▸ **Problem to work on**
Under this line is a listing; return exactly the lines starting at the one with "Fototapeta premium Colorful" and running down to the one with "算法1 前缀算法 输入:a1a2···an//起始值a的二进制表示", and leave out its pictures.

* * * * *

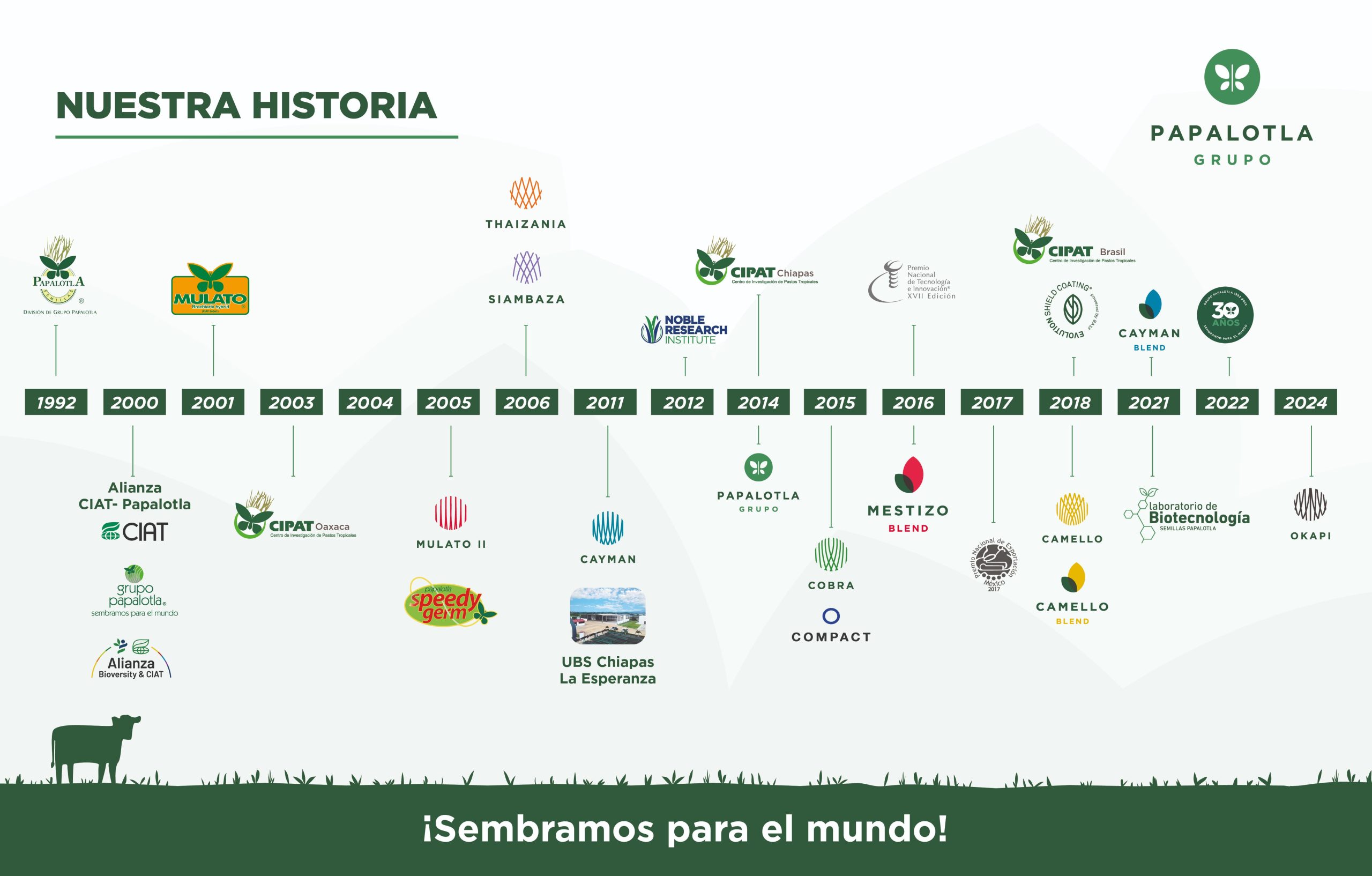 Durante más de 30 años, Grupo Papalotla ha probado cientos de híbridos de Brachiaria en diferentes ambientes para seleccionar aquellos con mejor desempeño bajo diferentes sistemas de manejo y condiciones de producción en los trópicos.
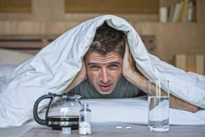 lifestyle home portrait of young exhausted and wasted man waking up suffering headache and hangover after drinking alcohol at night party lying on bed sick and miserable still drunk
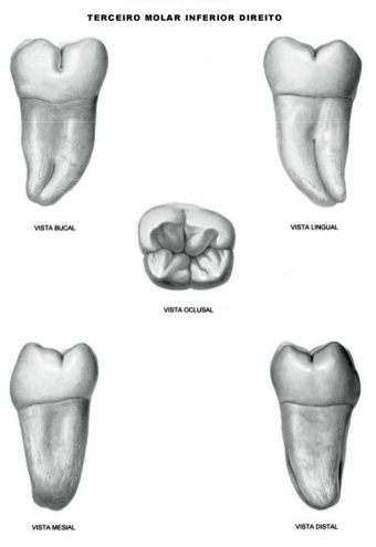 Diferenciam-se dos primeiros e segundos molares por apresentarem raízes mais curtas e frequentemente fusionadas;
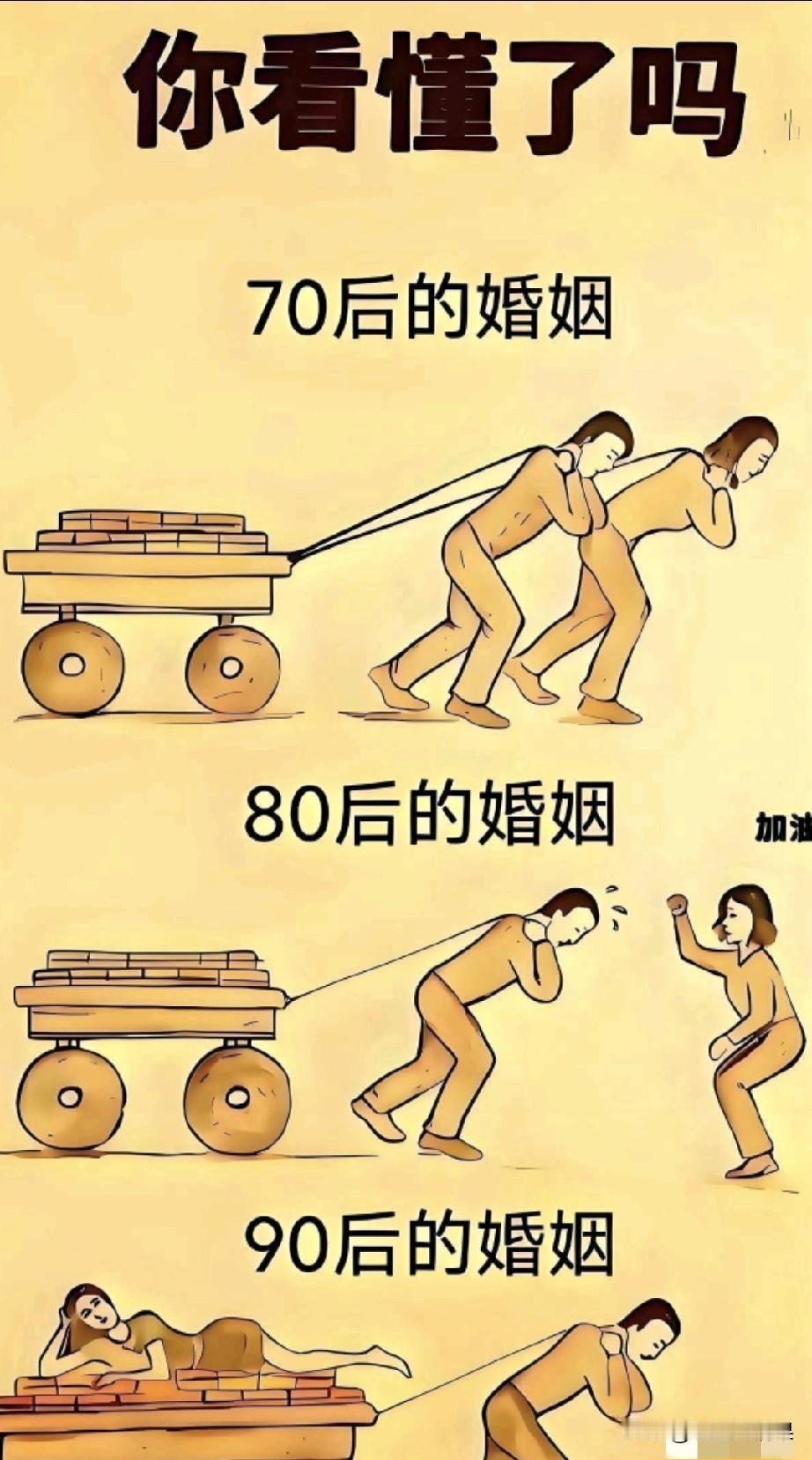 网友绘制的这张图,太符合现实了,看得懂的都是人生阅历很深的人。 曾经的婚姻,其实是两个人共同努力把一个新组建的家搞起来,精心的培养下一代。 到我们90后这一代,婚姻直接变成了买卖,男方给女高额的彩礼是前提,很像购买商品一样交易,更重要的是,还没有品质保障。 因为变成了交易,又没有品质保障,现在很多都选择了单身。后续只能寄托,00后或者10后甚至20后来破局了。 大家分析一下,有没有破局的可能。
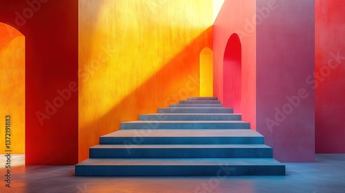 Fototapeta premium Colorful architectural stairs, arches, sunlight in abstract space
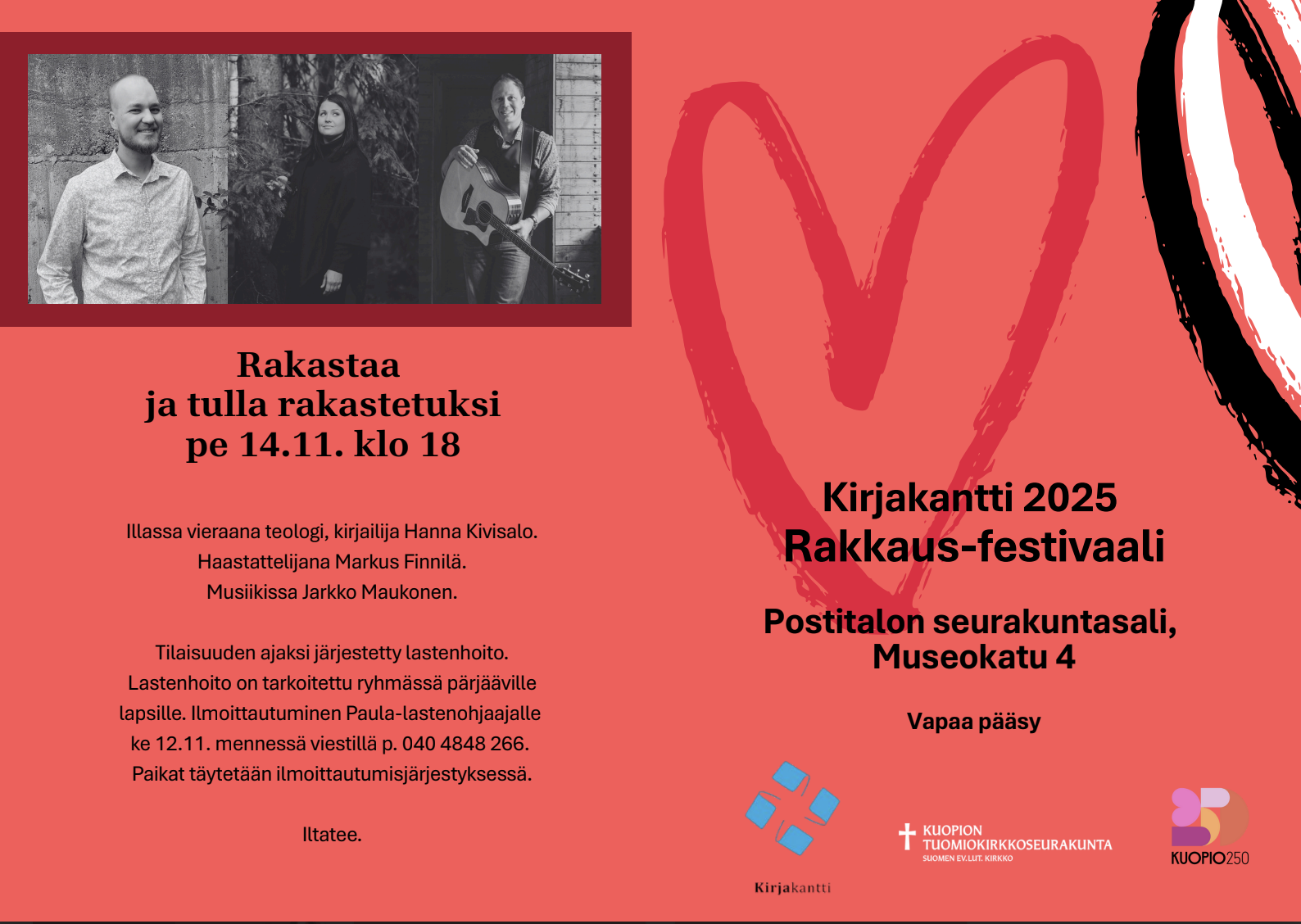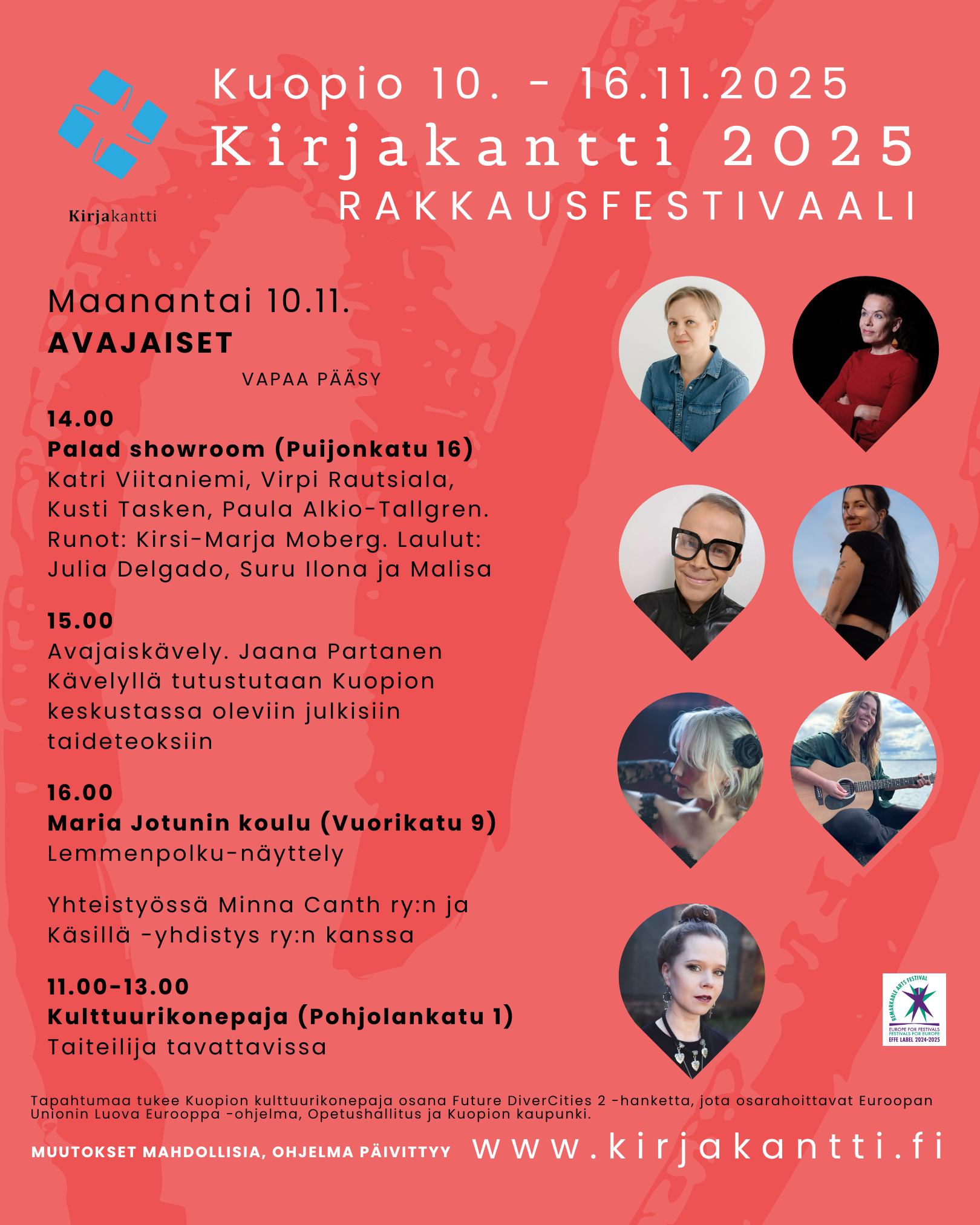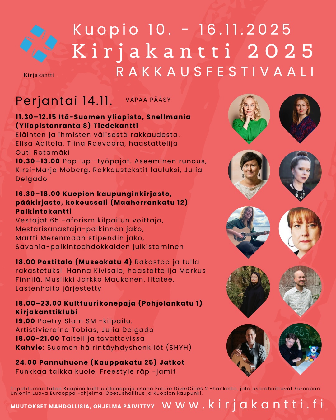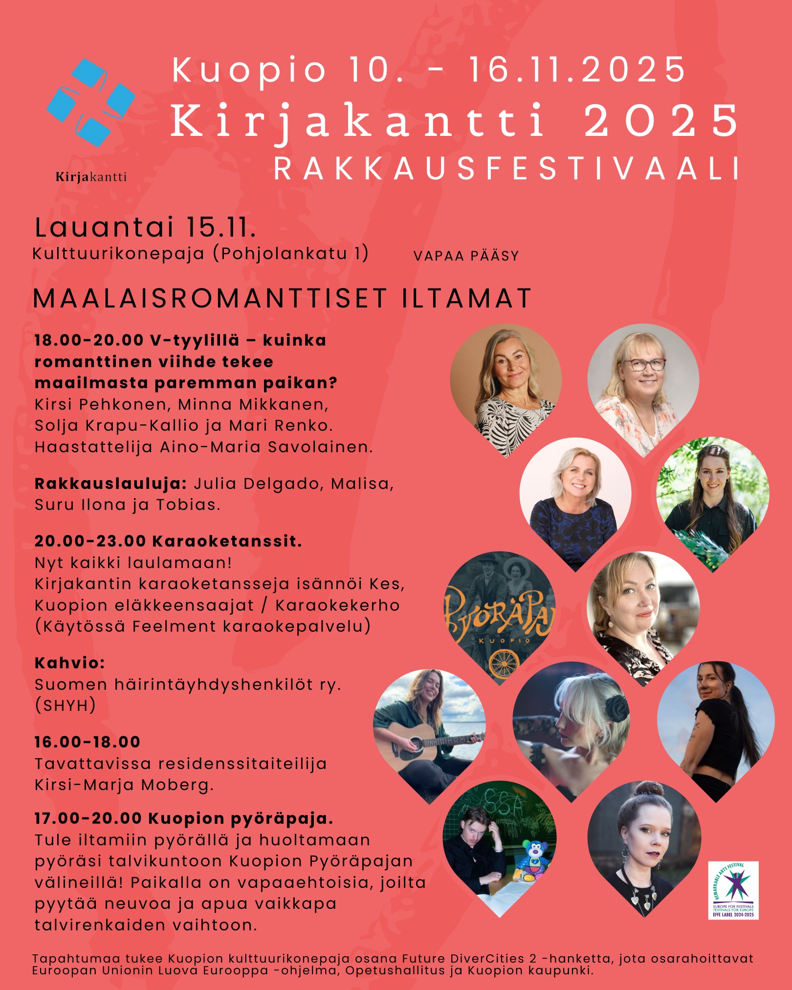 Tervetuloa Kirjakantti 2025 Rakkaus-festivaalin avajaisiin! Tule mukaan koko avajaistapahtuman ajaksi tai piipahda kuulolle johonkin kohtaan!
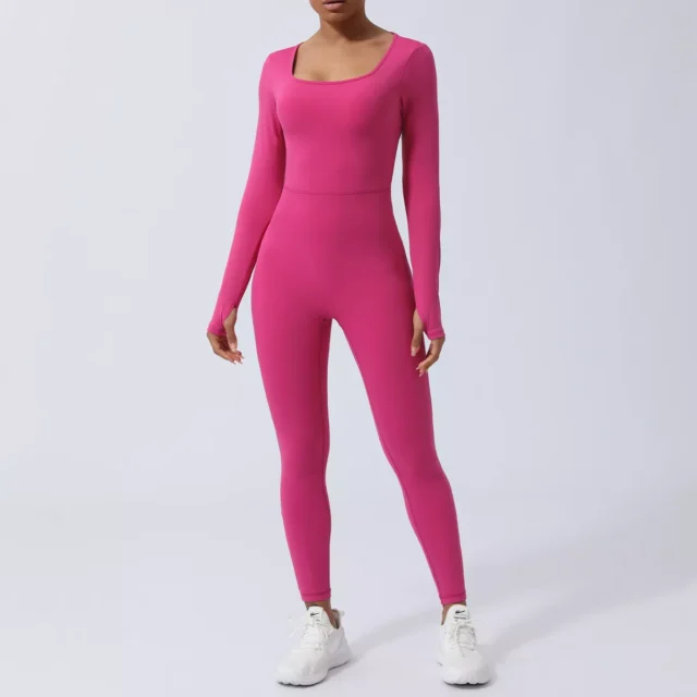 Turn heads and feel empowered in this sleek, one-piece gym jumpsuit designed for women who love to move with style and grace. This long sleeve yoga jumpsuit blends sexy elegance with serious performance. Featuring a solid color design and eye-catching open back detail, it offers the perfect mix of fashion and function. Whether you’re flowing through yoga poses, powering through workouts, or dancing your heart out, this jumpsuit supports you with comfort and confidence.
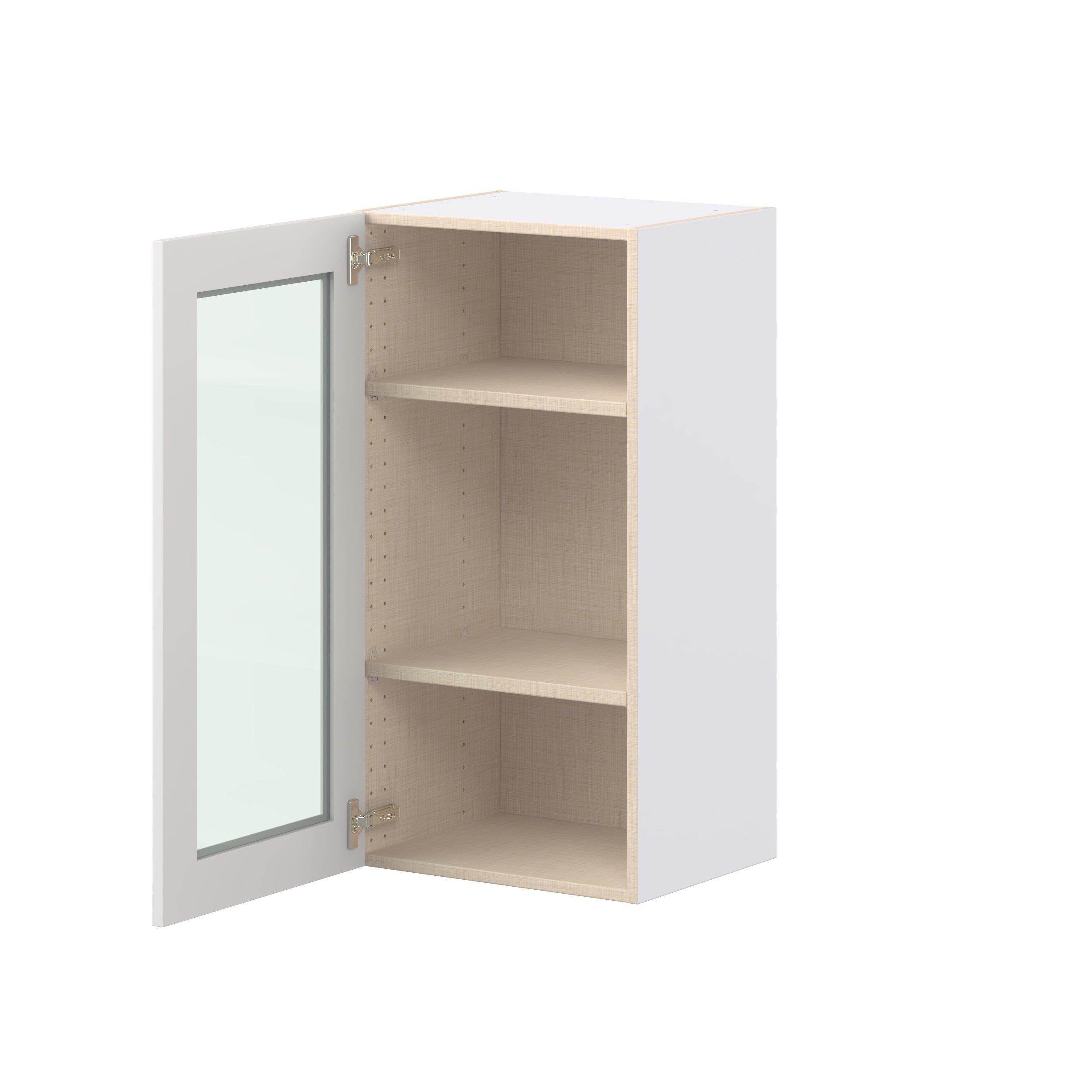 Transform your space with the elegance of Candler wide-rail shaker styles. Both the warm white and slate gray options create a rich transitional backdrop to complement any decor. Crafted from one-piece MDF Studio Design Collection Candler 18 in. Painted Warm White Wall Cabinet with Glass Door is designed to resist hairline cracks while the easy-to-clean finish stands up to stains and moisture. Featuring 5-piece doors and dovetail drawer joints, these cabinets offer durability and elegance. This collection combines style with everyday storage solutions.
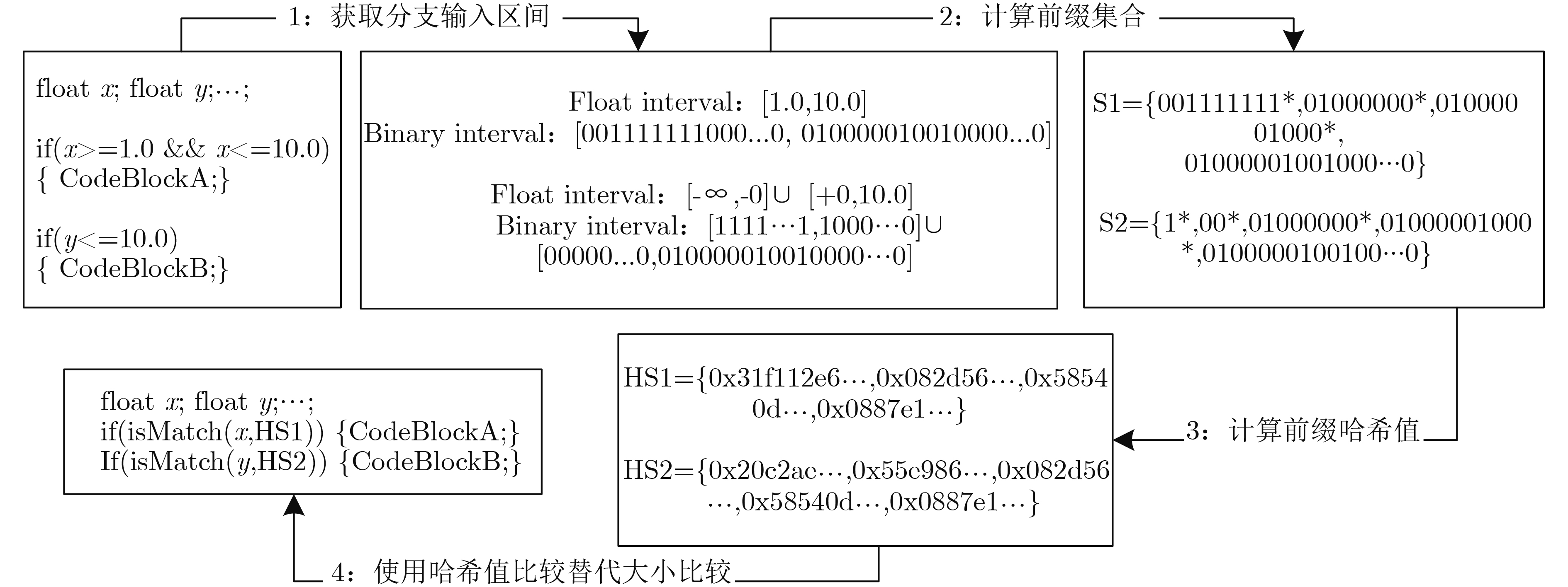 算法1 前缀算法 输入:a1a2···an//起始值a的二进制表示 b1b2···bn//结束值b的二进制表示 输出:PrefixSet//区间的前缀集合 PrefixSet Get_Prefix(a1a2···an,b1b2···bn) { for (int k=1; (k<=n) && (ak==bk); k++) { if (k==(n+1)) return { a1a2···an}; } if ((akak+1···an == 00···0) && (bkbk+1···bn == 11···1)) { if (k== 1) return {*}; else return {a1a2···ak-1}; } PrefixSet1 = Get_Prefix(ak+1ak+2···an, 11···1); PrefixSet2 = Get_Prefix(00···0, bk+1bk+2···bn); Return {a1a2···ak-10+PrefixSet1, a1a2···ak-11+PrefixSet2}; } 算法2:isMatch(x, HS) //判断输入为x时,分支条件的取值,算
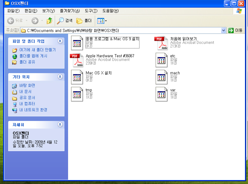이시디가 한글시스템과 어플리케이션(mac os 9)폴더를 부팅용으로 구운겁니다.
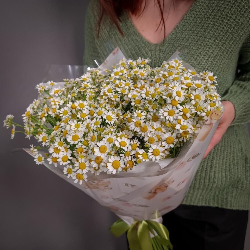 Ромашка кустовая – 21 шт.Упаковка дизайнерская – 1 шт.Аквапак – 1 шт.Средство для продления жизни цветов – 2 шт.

* * * * *

▸ **Result of this exercise**
 Fototapeta premium Colorful architectural stairs, arches, sunlight in abstract space
 Tervetuloa Kirjakantti 2025 Rakkaus-festivaalin avajaisiin! Tule mukaan koko avajaistapahtuman ajaksi tai piipahda kuulolle johonkin kohtaan!
 Turn heads and feel empowered in this sleek, one-piece gym jumpsuit designed for women who love to move with style and grace. This long sleeve yoga jumpsuit blends sexy elegance with serious performance. Featuring a solid color design and eye-catching open back detail, it offers the perfect mix of fashion and function. Whether you’re flowing through yoga poses, powering through workouts, or dancing your heart out, this jumpsuit supports you with comfort and confidence.
 Transform your space with the elegance of Candler wide-rail shaker styles. Both the warm white and slate gray options create a rich transitional backdrop to complement any decor. Crafted from one-piece MDF Studio Design Collection Candler 18 in. Painted Warm White Wall Cabinet with Glass Door is designed to resist hairline cracks while the easy-to-clean finish stands up to stains and moisture. Featuring 5-piece doors and dovetail drawer joints, these cabinets offer durability and elegance. This collection combines style with everyday storage solutions.
 算法1 前缀算法 输入:a1a2···an//起始值a的二进制表示 b1b2···bn//结束值b的二进制表示 输出:PrefixSet//区间的前缀集合 PrefixSet Get_Prefix(a1a2···an,b1b2···bn) { for (int k=1; (k<=n) && (ak==bk); k++) { if (k==(n+1)) return { a1a2···an}; } if ((akak+1···an == 00···0) && (bkbk+1···bn == 11···1)) { if (k== 1) return {*}; else return {a1a2···ak-1}; } PrefixSet1 = Get_Prefix(ak+1ak+2···an, 11···1); PrefixSet2 = Get_Prefix(00···0, bk+1bk+2···bn); Return {a1a2···ak-10+PrefixSet1, a1a2···ak-11+PrefixSet2}; } 算法2:isMatch(x, HS) //判断输入为x时,分支条件的取值,算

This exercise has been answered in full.